Educational Choice Means Ditching The Department Of Education’s Burdensome Regulations

Editors Note: The 10th amendment says “Powers not delegated to the United States (Federal Government ) by the Constitution, nor prohibited by it to the States, are reserved to the States respectively, or to the people.”

The States should make their own rules for education, and the Federal Government should get out of the Education business. That starts with dissolving the Department of Education.  The States alone have the authority to address education in their State with programs and goals each State determines in the best interest of their people.

Restoring Educational Choice Means Ditching The Department Of Education’s Burdensome Regulations


BY ROBERT HOLLAND December 2016
Obama Visits Powell Elementary School
Getty – Ron Sachs
 IJR Opinion is an opinion platform and any opinions or information put forth by contributors are exclusive to them and do not represent the views of IJR.

For the Feds in the U.S. Education Department, ‘flexibility’ means there’s nothing left to lose.

Flexibility is a quality Olympic gymnasts possess. When federal bureaucrats claim they are being flexible in administering massive programs of aid to elementary and secondary education, spectators would be wise to hold their chants of “USA! USA! USA!”

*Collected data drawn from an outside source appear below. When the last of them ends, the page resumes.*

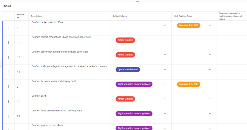 Safe Task allows you to create HTA diagrams with different layouts. You can choose between two different ways of visualising the tasks: either in a table or as a hierarchy of boxes connected by lines (a hierarchical tree). When working with the hierarchical tree, you can show or hide the task levels as necessary. The table view shows further information with drop downs or additional text can be shown or hidden. Showing the steps with numbers makes it easier to see the sequence of tasks as they are moved around, this feature is optional on the hierarchical tree.
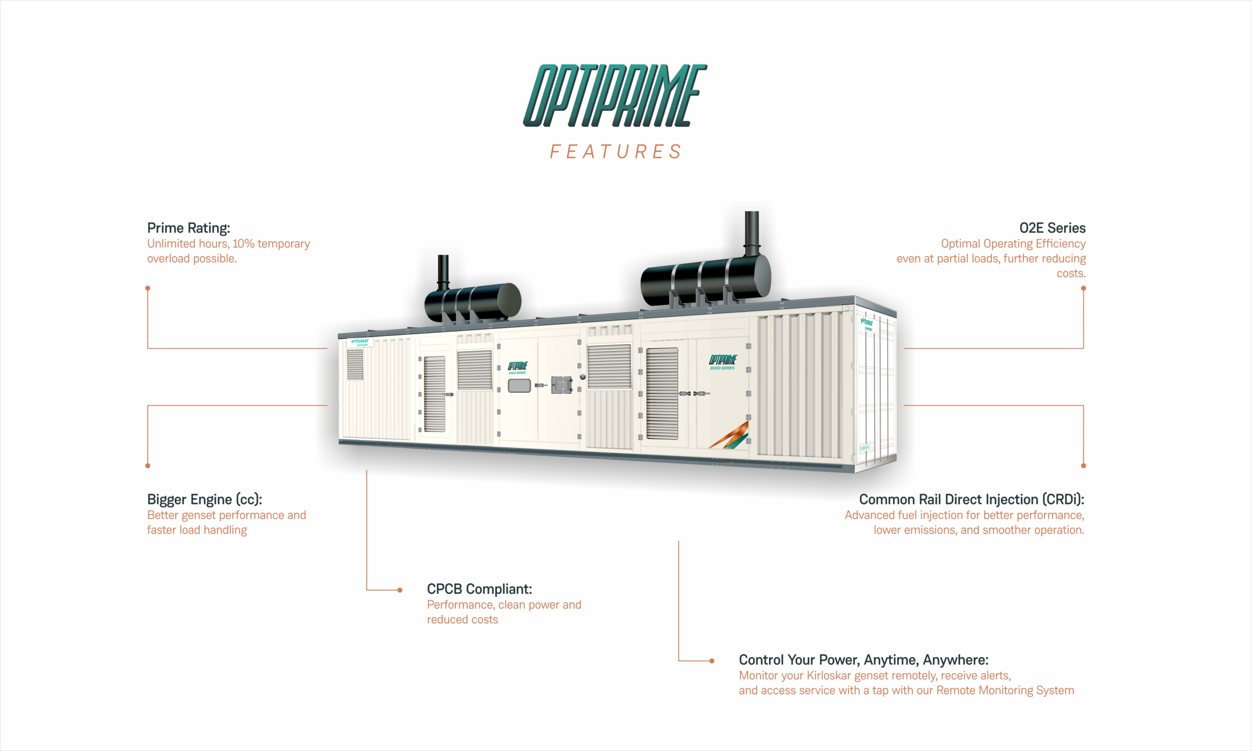The Kirloskar Optiprime 500 Series DG set is a high-capacity, industrial-grade generator designed for continuous and prime power applications. Ideal for large industries, IT parks, hospitals, and infrastructure projects requiring uninterrupted power backup.
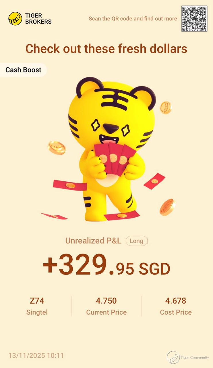 $Singtel(Z74.SI)$ Singtel's H1 earnings are impressive! Net profit jumped 176% to $3.4B, largely thanks to the partial sale of its Airtel stake. I'm bullish on its expansion in APAC AI data centers, and it's actively hunting for M&A. Sadly, I completely missed that sweet $688 cash voucher promo — still kicking myself! Holding this for the long term though, the future looks bright.
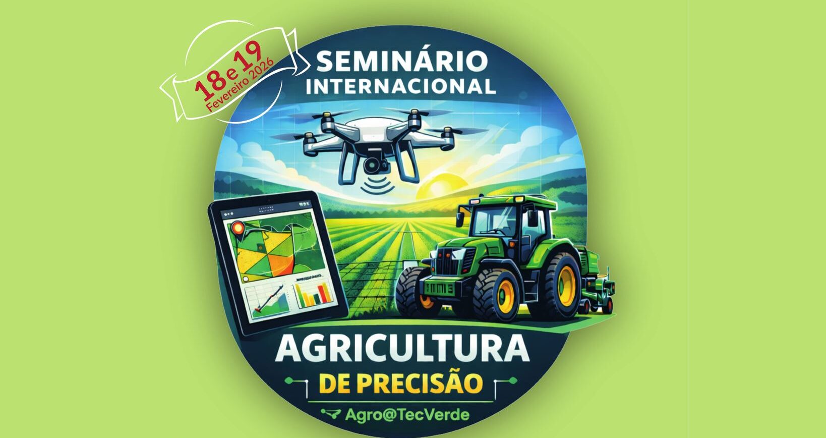 Nos dias 18 e 19 de fevereiro de 2026, realizar-se-á um Seminário Internacional sobre Agricultura de Precisão, no âmbito do projeto Agro@TecVerde, na Escola Superior Agrária de Bragança, no Auditório Dionísio Gonçalves.
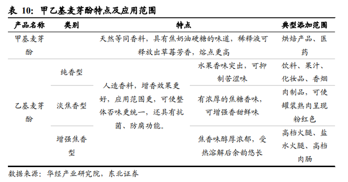 麦芽酚主要分为甲基麦芽酚和乙基麦芽酚,是一类广谱的的香味增效剂,具有增香、固香、增甜的作用。甲基麦芽酚可用于生产医药中间体,包括吡啶盐和胃药泮托拉唑。乙基麦芽酚根据其特色可分为纯香型、焦香型、特醇型,常作为食品增香剂添加与烘焙食物、冰淇淋、化妆品、烟草、饮料和糖果中。
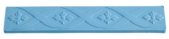 文様が彫られたプラスチックの板で、エンボス加工(型押し)をする時に使います。
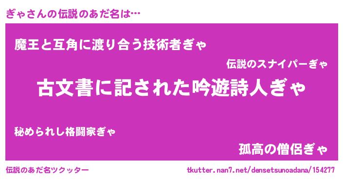 | ヘコむあだ名 | 『ぎゃ(小並感)』『ぎゃを』 |
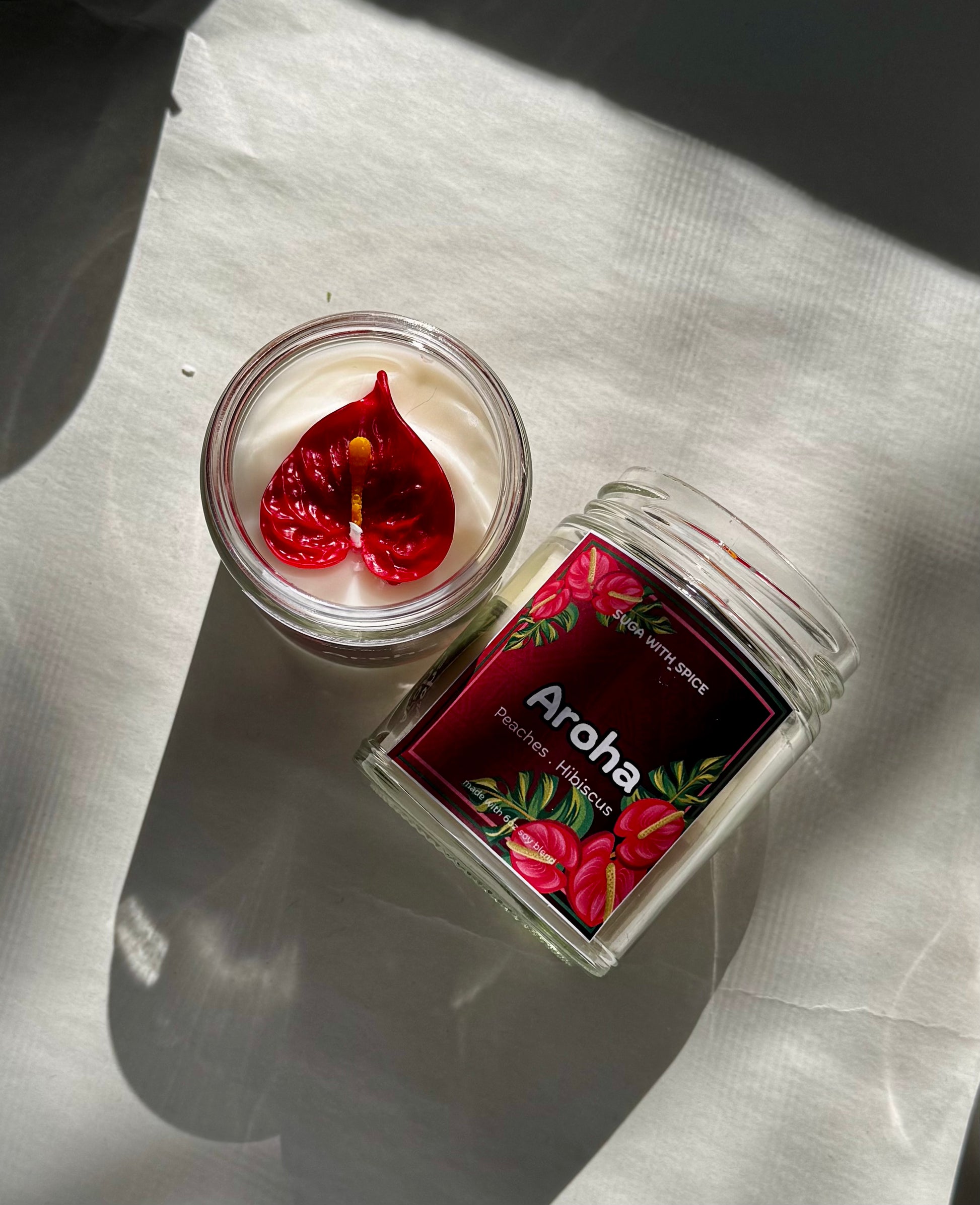 Aroha translates to love in Tahiti. Our cherished anthuriums, which resemble heart shapes, are widely found throughout the South Pacific. This inspiration is reflected in the name of this candle. It beautifully encapsulates the essence of the South Pacific, representing how we are all part of one family, united by love for our culture, our lands, and our people.
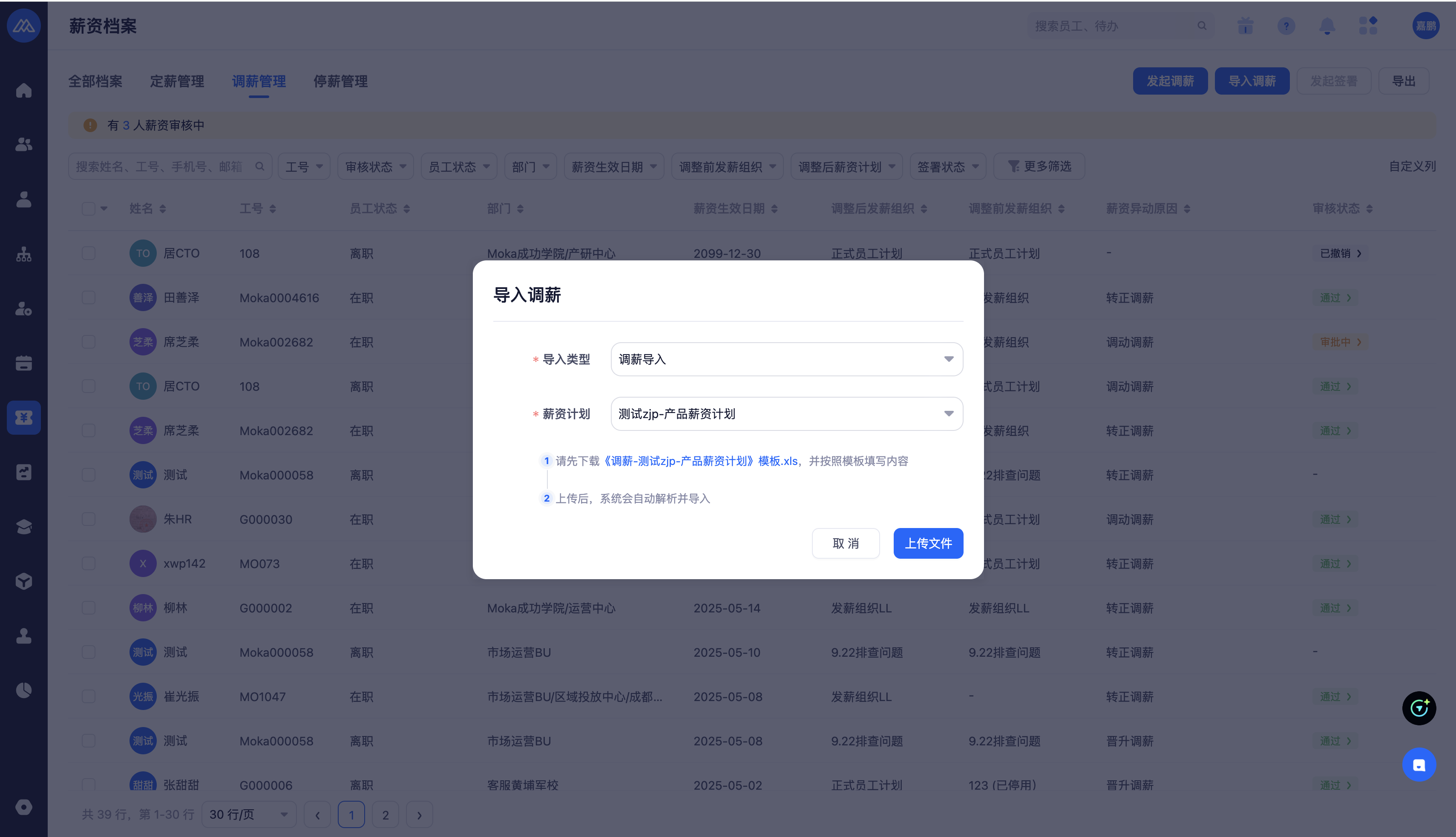 未录入薪资标准人员中,可以发起定薪申请,补充完善员工的档案档案标准,支持批量导入。

In the November 28 release of its final regulations for the Every Student Succeeds Act (ESSA) – the successor to the late, unlamented No Child Left Behind – the U.S. Education Department (USED) repeatedly touts the “flexibility” that these new rules give states in setting education standards and testing students. Student assessment being the key to the whole system, USED boasts of “clarifying new flexibilities” for states and localities as they assess their kids’ cognitive and affective domains.

In fairness, when Congress passed ESSA and President Barack Obama signed it into law in December 2015, high-ranking politicos of both parties spouted the same line: states would have flexibility galore. For the past 11 months, Obama’s final-year education secretary, former New York State education commissioner and ardent Common Core fan John B. King Jr., has led his bureaucratic battalions in drafting and fine-tuning the requirements.

Granted, the law itself is rigid in continuing the NCLB mandate for testing all students every year in reading and math in grades 3–8 and once in high school. However, any slack cut by USED bureaucrats carries so many conditions as to constitute “flexibility” of the most rigid sort. To paraphrase a famous Kris Kristofferson-authored song (“Me and Bobby McGee”), flexibility is just another word for nothing left to lose.

Consider the supposed freedom given to up to seven states – just that many, no more – to experiment with “new and innovative tests.” The regulations set up a dizzying array of hoops through which states must jump to receive federal approval for their attempted innovation.

Just two of these are (1) demonstrating in advance how the new system “will meet statutory requirements for the alignment, quality, and fairness of the innovative assessment,” and (2) laying out a detailed plan by which the state will “sustain, or make progress, toward implementation in demographically diverse districts and schools throughout the demonstration period.”

Here is the real doozy: “States are required to ensure their innovative assessments produce results comparable to the statewide assessments and must determine comparability between the statewide assessment and the innovative assessment annually.”

In what genuine scientific experiment are the outcomes known with certainty beforehand? No worries, mate, because if the would-be innovating states are stumped, they can choose among four “methodologies” approved by the feds, or they can even propose their own – if they can prove to Washington, D.C. that their assessments are “equally rigorous” in somehow ensuring compatibility.

Elsewhere in the freshly minted regulations will be found not-so-subtle reminders that Common Core (CC) continues to endure, despite its unpopularity. States must “establish college- and career-ready standards and maintain high expectations when assessing all students against those standards.” That is the CC boilerplate. Furthermore, the federally required tests “must measure higher-order thinking skills, such as reasoning, analysis, complex problem-solving, critical thinking, effective communications, and understanding of challenging content.” That is straight out of progressives’ CC playbook.

Parents who assert their right to refuse to submit their children to intrusive Common Core-style assessments will find no flex-love in Secretary King’s ESSA rules. The feds recognize no parental right to opt out, and they expect states to come up with plans to penalize schools that fall below a test participation rate of 95 percent. King’s hard-nosed enforcement of Common Core as the Empire State’s education chief played no small role in provoking protests resulting in a statewide opt-out rate exceeding 20 percent in the 2014–15 school year.

If President-elect Donald Trump and Betsy DeVos, Trump’s designated secretary of education, are serious about terminating the federalized Common Core and restoring education power to the people, a starting point would be scuttling these ridiculous regulations. The ultimate goal ought to be ending the U.S. Department of Education’s corrosive impact on education by shutting it down altogether.